WORK INSTRUCTION >>
Give the data below again exactly as written, without its pictures.

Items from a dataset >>

===

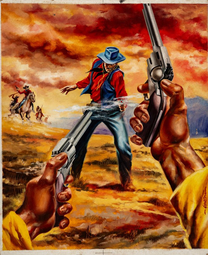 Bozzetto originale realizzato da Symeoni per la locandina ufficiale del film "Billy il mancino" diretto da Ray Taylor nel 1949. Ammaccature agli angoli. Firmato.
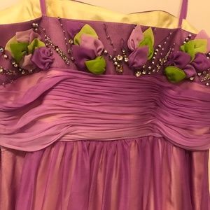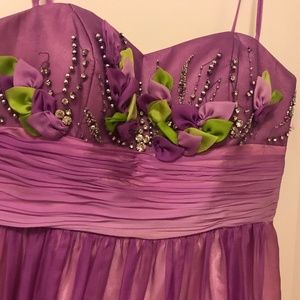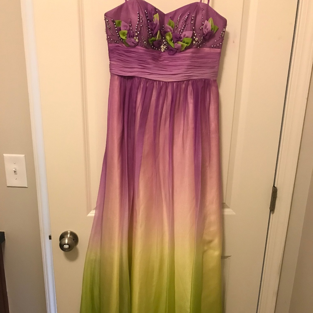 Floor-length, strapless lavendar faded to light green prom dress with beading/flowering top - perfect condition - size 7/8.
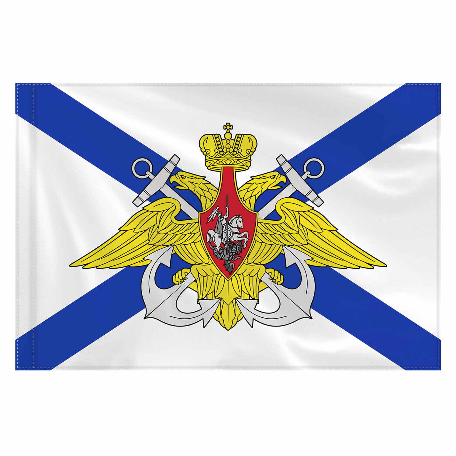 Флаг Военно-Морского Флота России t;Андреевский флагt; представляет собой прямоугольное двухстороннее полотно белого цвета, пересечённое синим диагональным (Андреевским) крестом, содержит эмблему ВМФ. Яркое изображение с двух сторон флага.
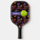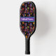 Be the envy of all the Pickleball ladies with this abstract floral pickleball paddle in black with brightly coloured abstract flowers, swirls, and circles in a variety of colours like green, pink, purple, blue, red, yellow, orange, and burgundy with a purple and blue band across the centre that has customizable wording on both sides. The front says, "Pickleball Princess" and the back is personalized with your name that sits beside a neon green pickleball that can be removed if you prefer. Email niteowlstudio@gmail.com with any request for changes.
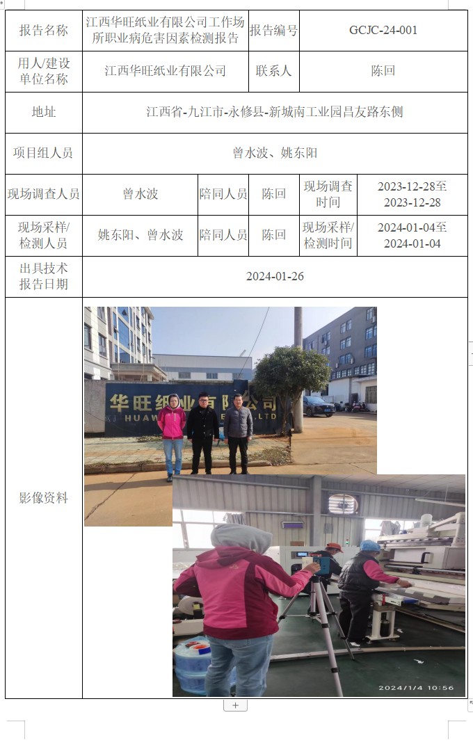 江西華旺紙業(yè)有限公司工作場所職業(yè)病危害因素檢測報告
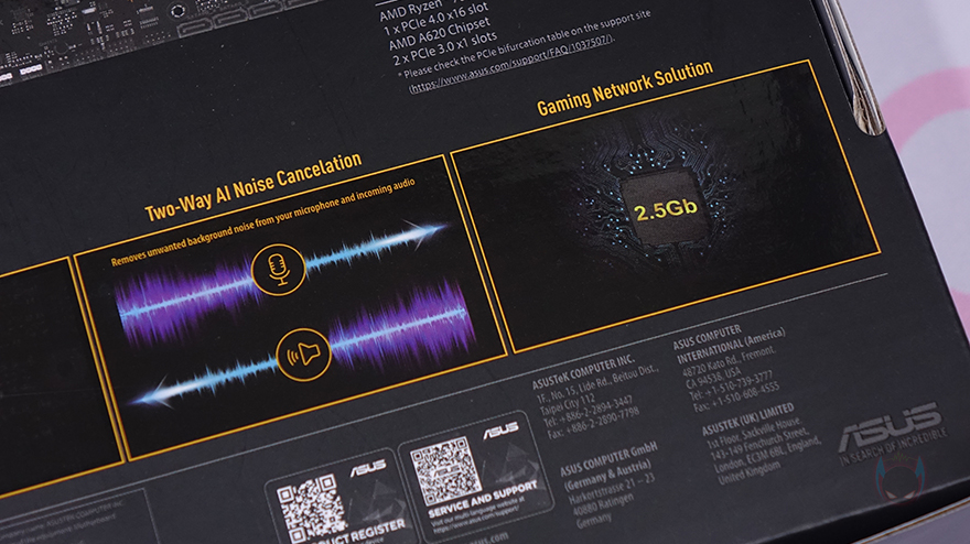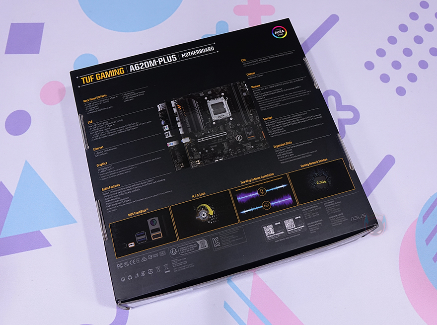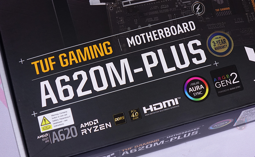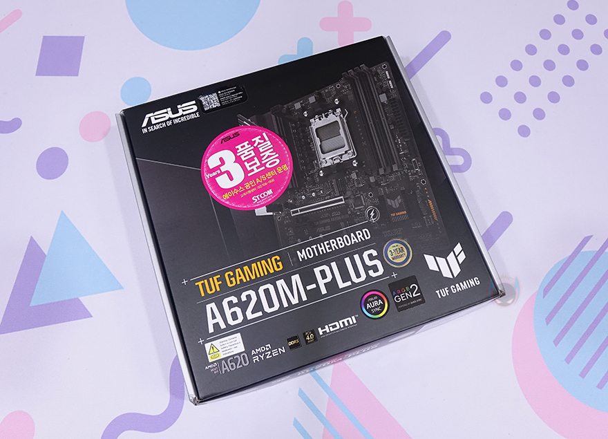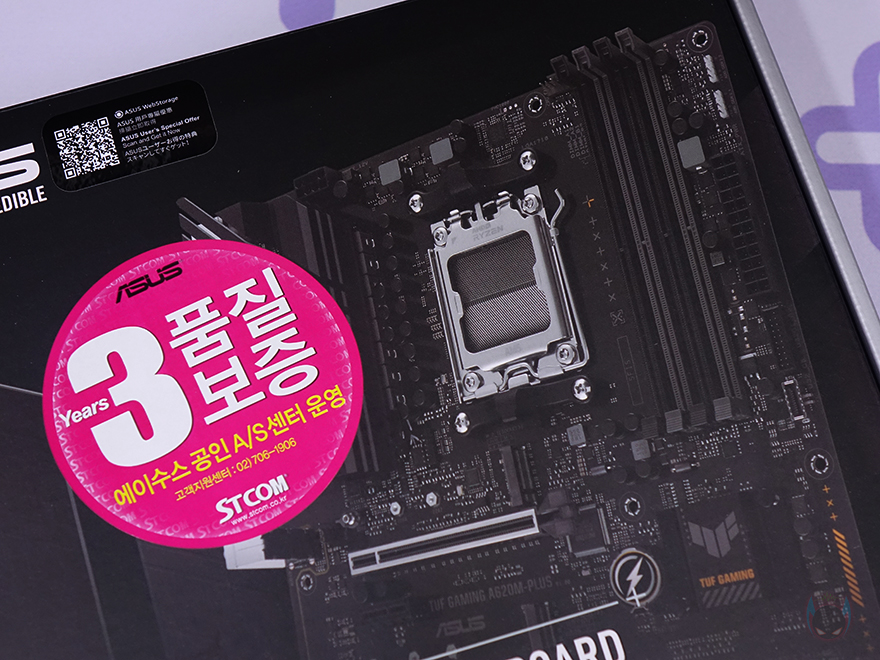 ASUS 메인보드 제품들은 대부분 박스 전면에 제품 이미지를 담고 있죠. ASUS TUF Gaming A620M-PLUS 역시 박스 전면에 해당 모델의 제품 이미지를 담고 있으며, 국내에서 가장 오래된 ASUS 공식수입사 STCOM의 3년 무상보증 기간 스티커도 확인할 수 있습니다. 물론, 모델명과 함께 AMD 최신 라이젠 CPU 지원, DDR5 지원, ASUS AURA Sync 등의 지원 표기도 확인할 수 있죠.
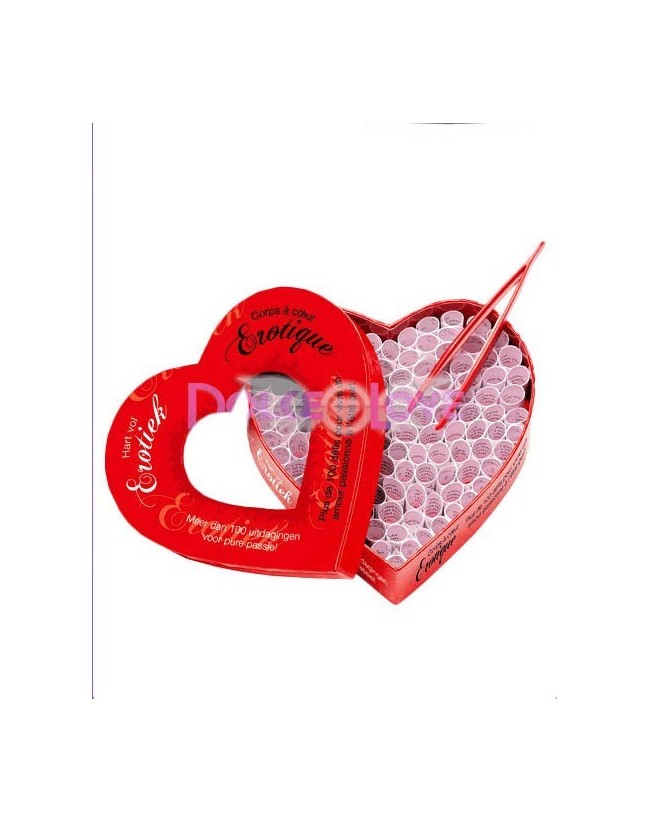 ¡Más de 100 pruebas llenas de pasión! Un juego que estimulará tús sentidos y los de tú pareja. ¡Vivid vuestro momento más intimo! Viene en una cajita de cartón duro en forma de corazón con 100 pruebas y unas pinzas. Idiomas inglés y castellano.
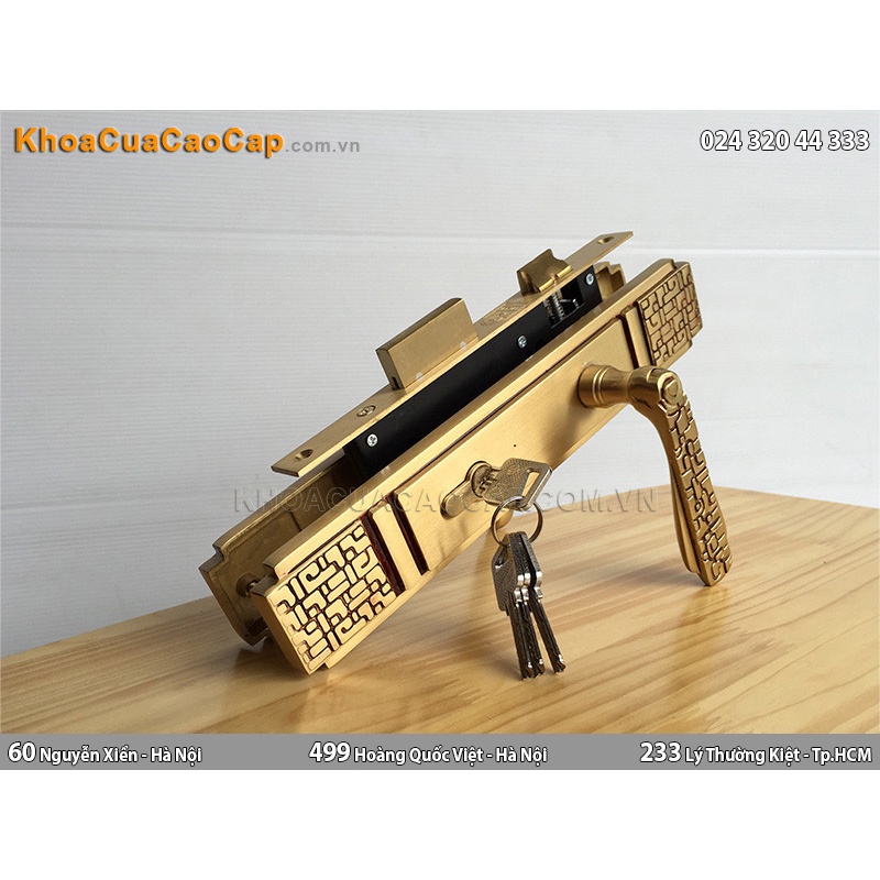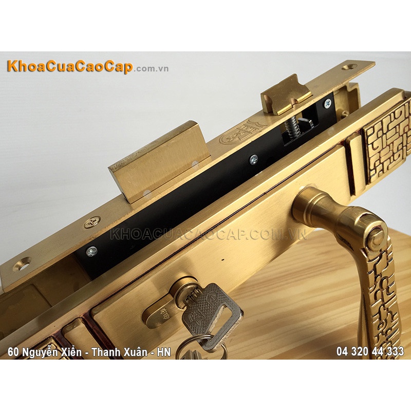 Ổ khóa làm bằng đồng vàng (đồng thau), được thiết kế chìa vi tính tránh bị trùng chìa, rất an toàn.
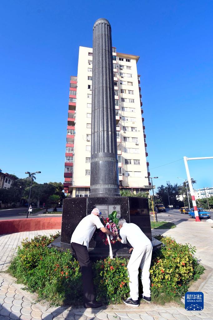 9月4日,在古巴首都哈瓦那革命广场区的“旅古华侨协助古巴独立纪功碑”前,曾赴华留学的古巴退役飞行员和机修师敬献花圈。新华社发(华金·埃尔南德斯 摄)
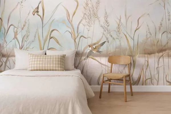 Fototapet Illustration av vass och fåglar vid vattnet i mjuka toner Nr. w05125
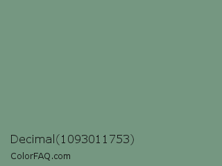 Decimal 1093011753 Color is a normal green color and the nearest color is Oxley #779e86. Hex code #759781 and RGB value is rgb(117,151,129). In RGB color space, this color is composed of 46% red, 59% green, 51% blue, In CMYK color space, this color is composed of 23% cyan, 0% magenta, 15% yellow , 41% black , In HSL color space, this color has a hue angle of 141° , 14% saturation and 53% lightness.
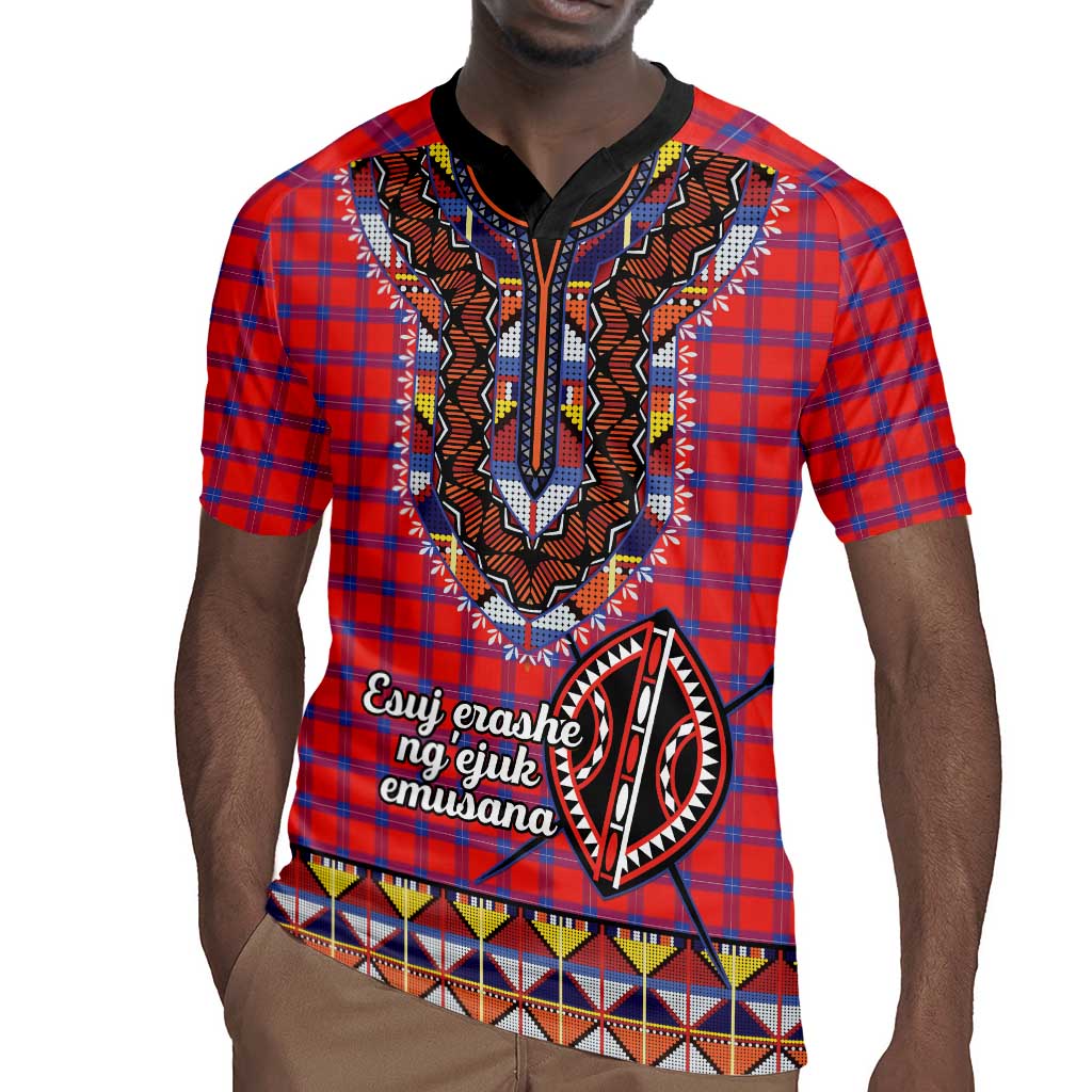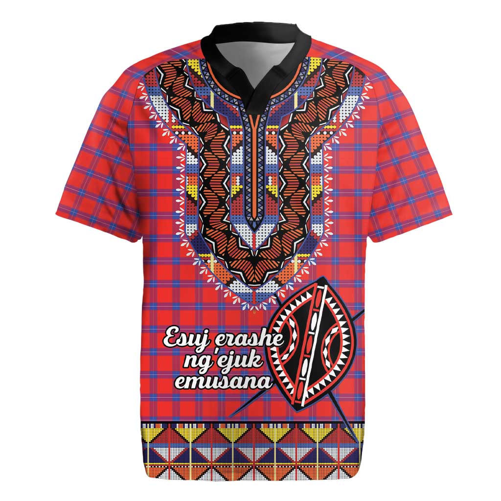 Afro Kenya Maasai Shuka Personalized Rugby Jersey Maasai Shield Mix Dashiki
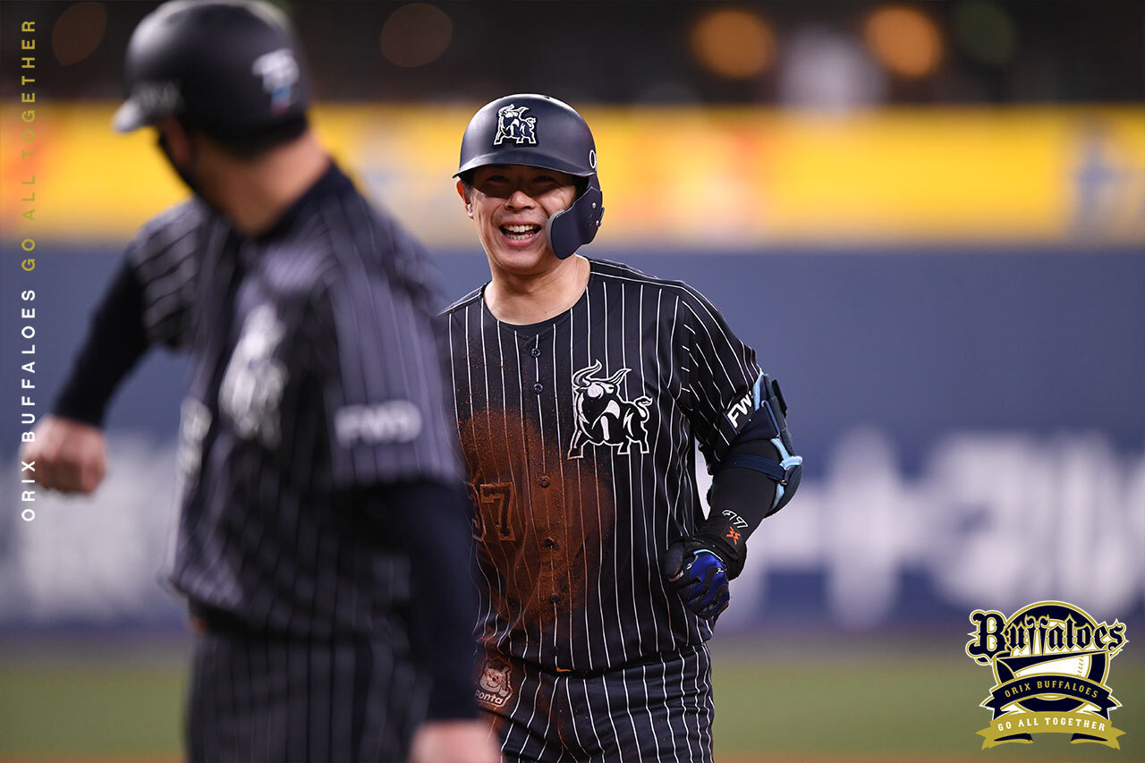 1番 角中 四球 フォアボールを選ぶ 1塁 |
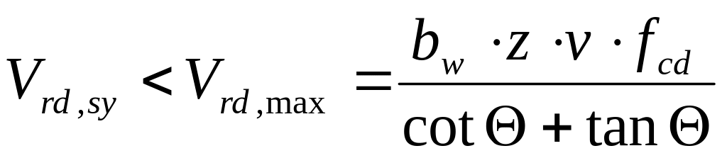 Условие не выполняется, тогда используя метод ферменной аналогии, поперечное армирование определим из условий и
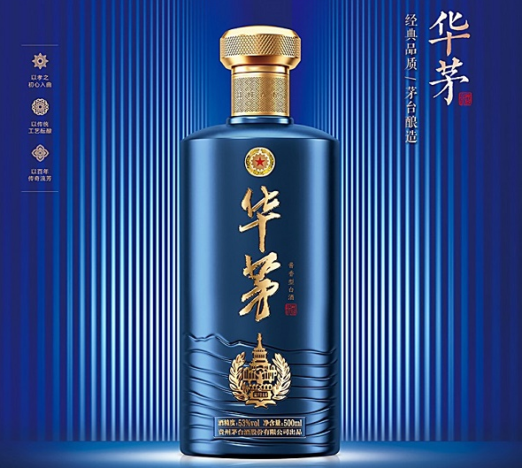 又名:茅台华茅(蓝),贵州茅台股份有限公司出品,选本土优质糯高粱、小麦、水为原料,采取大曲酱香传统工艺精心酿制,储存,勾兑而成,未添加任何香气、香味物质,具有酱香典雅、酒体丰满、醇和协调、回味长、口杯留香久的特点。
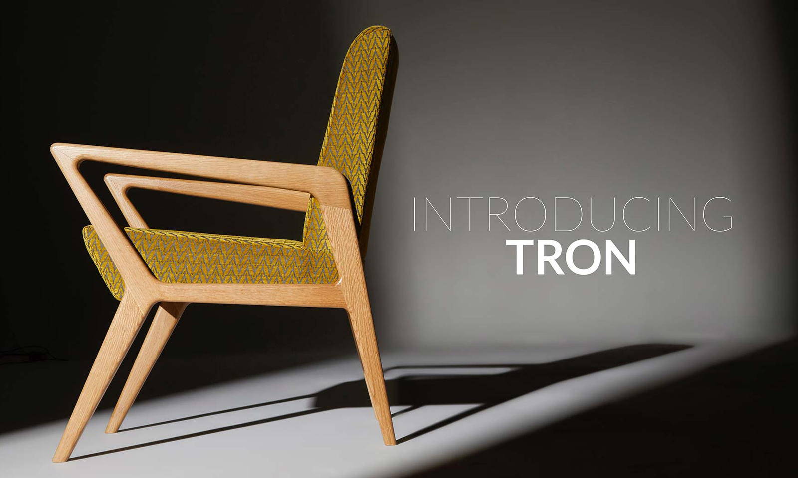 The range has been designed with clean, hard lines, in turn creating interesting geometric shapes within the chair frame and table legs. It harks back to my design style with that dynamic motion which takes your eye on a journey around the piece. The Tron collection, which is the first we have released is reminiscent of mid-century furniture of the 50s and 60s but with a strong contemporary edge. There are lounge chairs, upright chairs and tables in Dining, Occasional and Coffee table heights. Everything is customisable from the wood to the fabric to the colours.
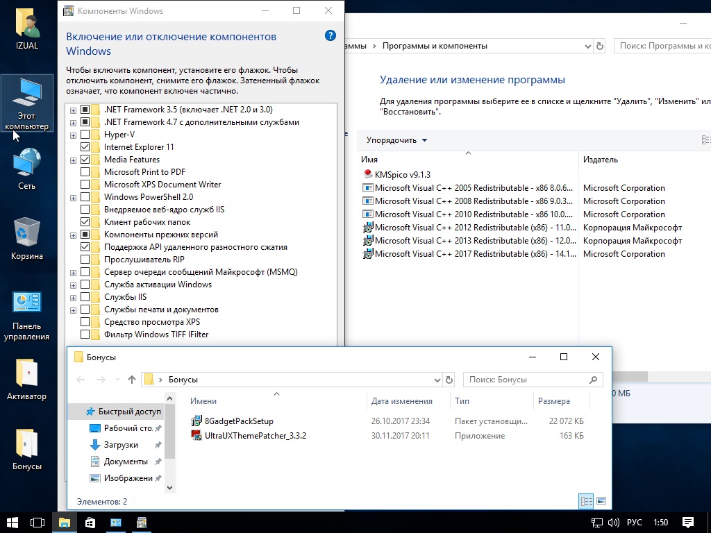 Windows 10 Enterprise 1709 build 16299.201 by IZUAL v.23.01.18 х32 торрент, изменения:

===

REPLY >>
 Bozzetto originale realizzato da Symeoni per la locandina ufficiale del film "Billy il mancino" diretto da Ray Taylor nel 1949. Ammaccature agli angoli. Firmato.
 Floor-length, strapless lavendar faded to light green prom dress with beading/flowering top - perfect condition - size 7/8.
 Флаг Военно-Морского Флота России t;Андреевский флагt; представляет собой прямоугольное двухстороннее полотно белого цвета, пересечённое синим диагональным (Андреевским) крестом, содержит эмблему ВМФ. Яркое изображение с двух сторон флага.
 Be the envy of all the Pickleball ladies with this abstract floral pickleball paddle in black with brightly coloured abstract flowers, swirls, and circles in a variety of colours like green, pink, purple, blue, red, yellow, orange, and burgundy with a purple and blue band across the centre that has customizable wording on both sides. The front says, "Pickleball Princess" and the back is personalized with your name that sits beside a neon green pickleball that can be removed if you prefer. Email niteowlstudio@gmail.com with any request for changes.
 江西華旺紙業(yè)有限公司工作場所職業(yè)病危害因素檢測報告
 ASUS 메인보드 제품들은 대부분 박스 전면에 제품 이미지를 담고 있죠. ASUS TUF Gaming A620M-PLUS 역시 박스 전면에 해당 모델의 제품 이미지를 담고 있으며, 국내에서 가장 오래된 ASUS 공식수입사 STCOM의 3년 무상보증 기간 스티커도 확인할 수 있습니다. 물론, 모델명과 함께 AMD 최신 라이젠 CPU 지원, DDR5 지원, ASUS AURA Sync 등의 지원 표기도 확인할 수 있죠.
 ¡Más de 100 pruebas llenas de pasión! Un juego que estimulará tús sentidos y los de tú pareja. ¡Vivid vuestro momento más intimo! Viene en una cajita de cartón duro en forma de corazón con 100 pruebas y unas pinzas. Idiomas inglés y castellano.
 Ổ khóa làm bằng đồng vàng (đồng thau), được thiết kế chìa vi tính tránh bị trùng chìa, rất an toàn.
 9月4日,在古巴首都哈瓦那革命广场区的“旅古华侨协助古巴独立纪功碑”前,曾赴华留学的古巴退役飞行员和机修师敬献花圈。新华社发(华金·埃尔南德斯 摄)
 Fototapet Illustration av vass och fåglar vid vattnet i mjuka toner Nr. w05125
 Decimal 1093011753 Color is a normal green color and the nearest color is Oxley #779e86. Hex code #759781 and RGB value is rgb(117,151,129). In RGB color space, this color is composed of 46% red, 59% green, 51% blue, In CMYK color space, this color is composed of 23% cyan, 0% magenta, 15% yellow , 41% black , In HSL color space, this color has a hue angle of 141° , 14% saturation and 53% lightness.
 Afro Kenya Maasai Shuka Personalized Rugby Jersey Maasai Shield Mix Dashiki
 1番 角中 四球 フォアボールを選ぶ 1塁 |
 Условие не выполняется, тогда используя метод ферменной аналогии, поперечное армирование определим из условий и
 又名:茅台华茅(蓝),贵州茅台股份有限公司出品,选本土优质糯高粱、小麦、水为原料,采取大曲酱香传统工艺精心酿制,储存,勾兑而成,未添加任何香气、香味物质,具有酱香典雅、酒体丰满、醇和协调、回味长、口杯留香久的特点。
 The range has been designed with clean, hard lines, in turn creating interesting geometric shapes within the chair frame and table legs. It harks back to my design style with that dynamic motion which takes your eye on a journey around the piece. The Tron collection, which is the first we have released is reminiscent of mid-century furniture of the 50s and 60s but with a strong contemporary edge. There are lounge chairs, upright chairs and tables in Dining, Occasional and Coffee table heights. Everything is customisable from the wood to the fabric to the colours.
 Windows 10 Enterprise 1709 build 16299.201 by IZUAL v.23.01.18 х32 торрент, изменения:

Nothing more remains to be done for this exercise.